Coding has always been a headache for the novice, especially GBK, GB2312, UTF-8 the three more common differences in the page encoding, but also let many novice disoriented, how to explain the explanation is not clear. But coding is so important, especially in this piece of Web page. If you call out is not garbled, and the Web page garbled, most of the reasons are on the code. In addition to garbled, there will be some other problems (such as: IE6 CSS loading problem) and so on. The Stalker M writes the purpose of this article, is to thoroughly explain this coding problem! If you're having a similar problem, take a closer look at this post.ANSI, GBK, GB2312, UTF-8, GB18030, and UNICODE
These few coding keywords are more common, although I put us together to say, but does not mean that these things are a lateral relationship. This part of the content, quoted from the network slightly modified, do not know the source of the original, it can not be signed.

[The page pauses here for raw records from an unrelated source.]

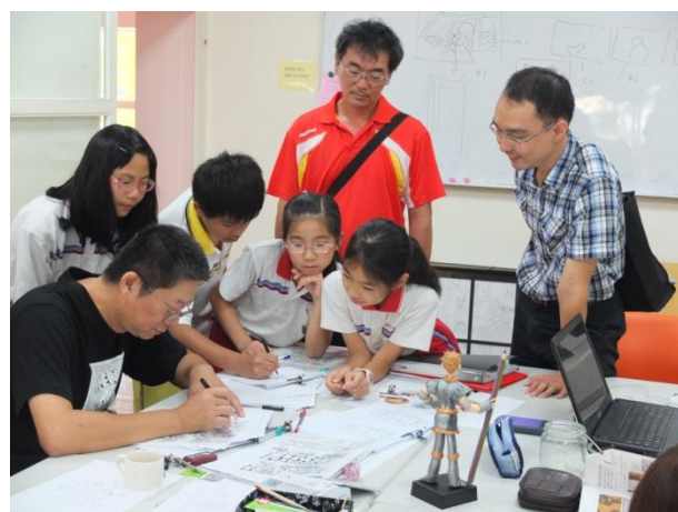
圖 8 敖老師幫大家簽名留念
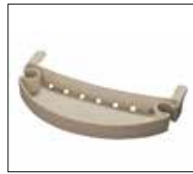
Part. no: 1418
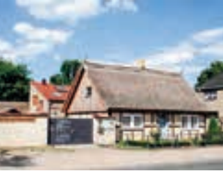
Dorfansichten in Seddin
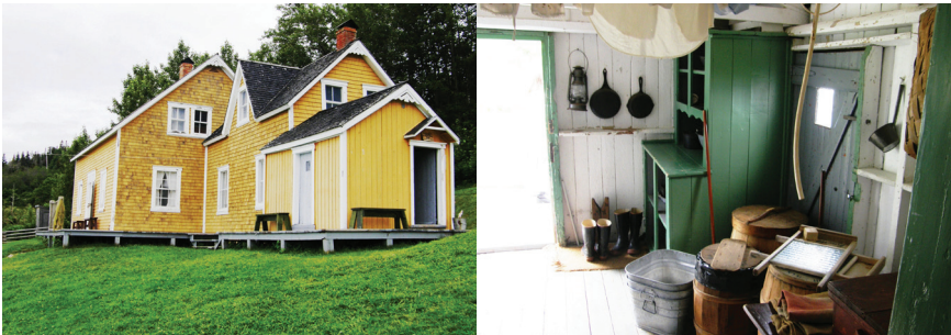
Figures 2. La maison Blanchette, à Grande-Grave, Parc national Forillon, une maison de pêcheur-agriculteur complètement remeublée sous forme d'un "musée de plein air".

Dès 1975, l'historienne Francine Lelièvre – aujourd'hui directrice du Musée d'archéologie et d'histoire Pointe-à-Callière, à Montréal – est choisie par Rivard pour s'attaquer à ce grand projet de valorisation ethnologique, soutenue par les importantes ressources professionnelles des équipes d'interprétation, d'ethnologie et de conservation de Parcs
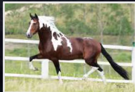
FETIÇO DO EXPOENTE
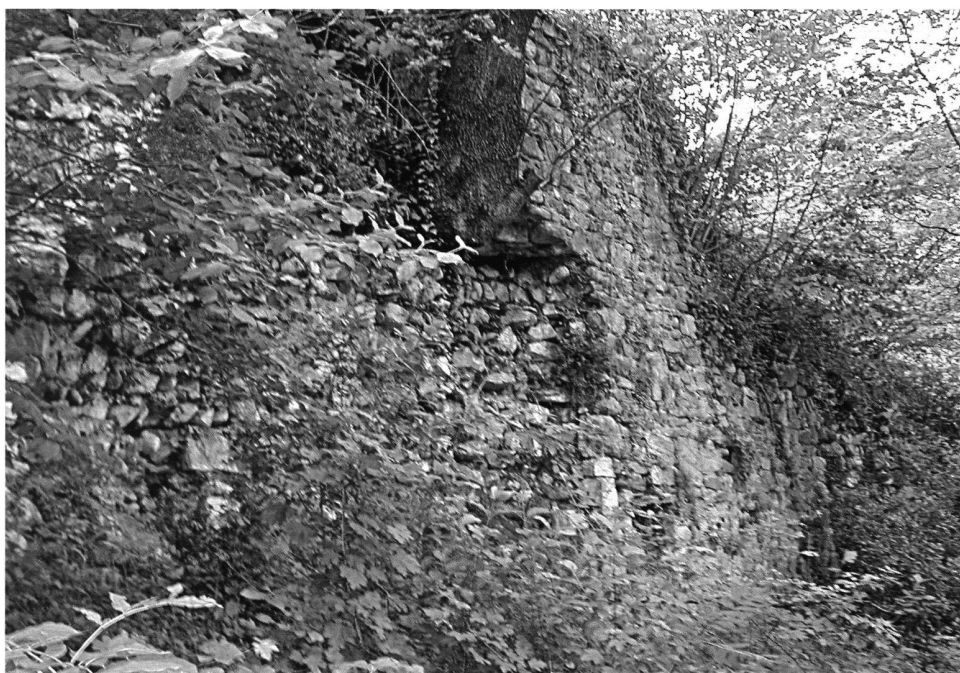
5: Castel San Pietro. Tratto del muro di cinta – Reste der Umfassungsmauer der Burg von Castel San Pietro.

pianta pentagonale (misure ortogonali 5 \times 7 m; h max. 4 m), con il vertice verso sud. Al suo interno è visibile parzialmente un piano lastricato.
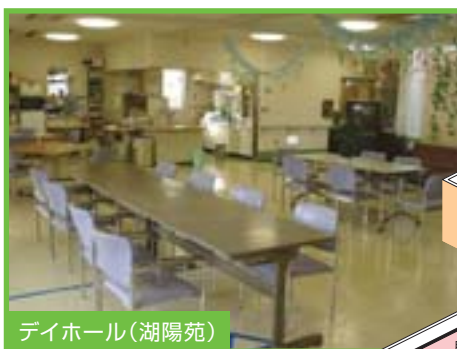
デイホール(湖陽苑)
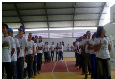
Momentos do IF Solidário
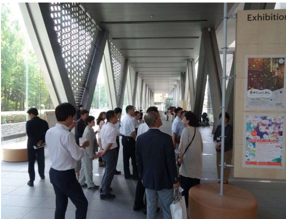
東京都現代美術館
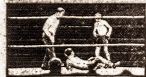
Carnera kumščiuosis su Campolo

New Yorko Boxing Commission neseniai sudarė taip vadinamą "Dreadnought" — kumštinių klase, arba sunkesnių sunkaus svorio klase, kurion patenka visi vadinami "milžinai." kaip Carnera, Campolo, Redmond ir kiti.
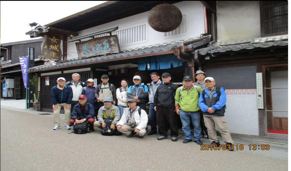
288 女城主の岩村酒造さんにて
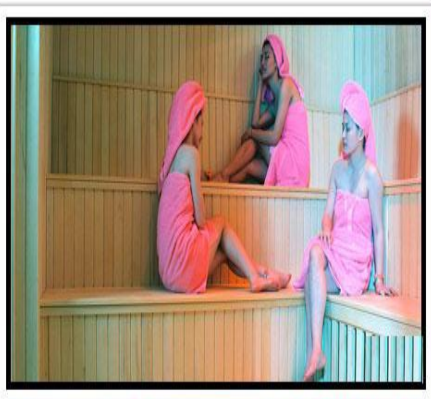
男女賓區-蒸氣室、烤箱
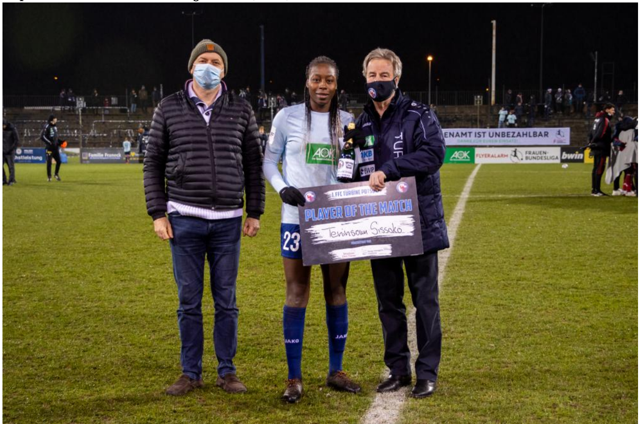
• Player of the match
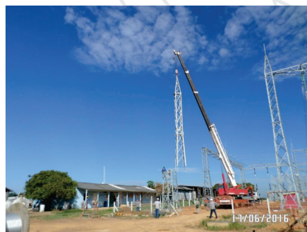
Montagem Portico Altamira-PA Eletronorte
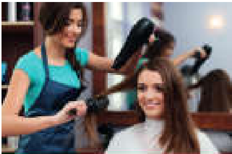
Shopping Princess Styling
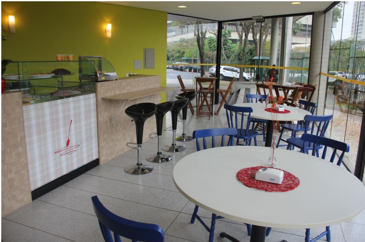
Figura 3: Café Bistrô
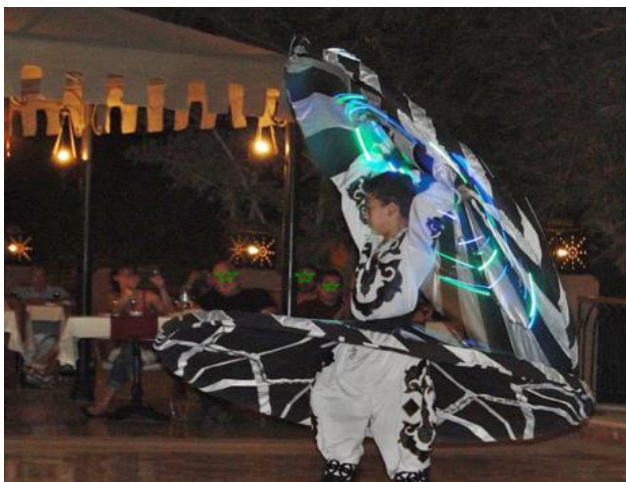
Der Tanz des „Derwisch“

In der letzten Woche waren hunderte Deutsche und Österreichische Touristen mit mir vor Ort. Allein 8 Rückflüge nach Deutschland/Österreich/ u. Schweiz am letzten Samstag – 1200 Touristen wechselten sich ab - sollen meine Aussage dazu bekräftigen. In zahlreichen Gesprächen am Strand und am Abend an den Bars ließen die meisten erkennen, dass sie mit ihrer Wahl des Hotels sehr zufrieden waren und wiederkommen möchten. Viele dieser Gäste tragen schon das „goldene Band“, welches erkennen lässt, dass sie bereits mehr als 10 Aufenthalte in „ihrem“ Hotels aufzuweisen hatten.
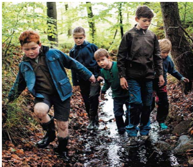
Kommende brave sportsfolkere undersøger et skovvandløb på Naturens Dag.

September 2014 - nr. 2 Kalundborg Sportsfiskerforening
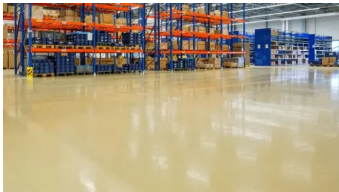
Verlaufbeschichtung ARTURO EP2500 in den Produktions- und Lagerhallen der Kissling Elektrotechnik GmbH

A long time ago, a group of people decided to use 8 transistors that could be opened and closed to form different states to represent everything in the world, which they called "bytes". Later, they did some of the machines that can handle these bytes, the machine started, can use bytes to assemble a lot of states, the state began to change, they called the machine "computer."
Start computer is only used in the United States. A total of eight bytes can be combined with 256 (2 of 8) different states. They have a number from 0 to start the 32 states have specified a special purpose, but the terminal, the printer when the agreed-upon these bytes are transmitted, it is necessary to do some of the agreed action. Meet 00x10, terminal on line, meet 0x07, terminal on people toot called, example Good met 0x1b, printer on the print anti-white word, or terminal on the color display letters. They see this very well, so they call these 0x20 byte states as "control codes".
They also put all the spaces, punctuation, numbers, uppercase and lowercase letters with a continuous byte state, has been compiled into the 127th, so that the computer can use different bytes to store English text. You see this, all feel good, so everyone put this program is called ANSI "Ascii" code (American Standard Code for Information interchange, U.S. Information Interchange Standard code). All the computers in the world used the same ASCII scheme to save English text.
Later, the computer development more and more widely, the world countries in order to be able to save their text in the computer, they decided to use the vacancy after 127th to express these new letters, symbols, but also added a lot of drawing tables need to use the bottom line, vertical line, cross and other shapes, has been numbered into the last state 255. The character set of this page from 128 to 255 is called "Extended character set". But the original numbering method, has no longer put more coding.
When the Chinese people get the computer, there is no available byte state to represent Chinese characters, and there are more than 6,000 commonly used Chinese characters need to be preserved. So the Chinese people on their own research and development, those 127th after the strange symbols are directly canceled off. Rule: A character less than 127 is the same as the original, but two more than 127 words connect prompt together, it represents a Chinese character, the preceding byte (which he calls a high byte) is used from 0xa1 to 0xf7, followed by a byte (low byte) from 0xa1 to 0xFE, This allows us to assemble about 7,000 + Simplified Chinese characters. In these codes, we also put mathematical symbols, Roman Greek alphabet, Japanese kana have been compiled into, even in ASCII, the number, punctuation, letters are all re-compiled two bytes long code, this is often said "full-width" character, and the original under 127th is called "Half-width" character.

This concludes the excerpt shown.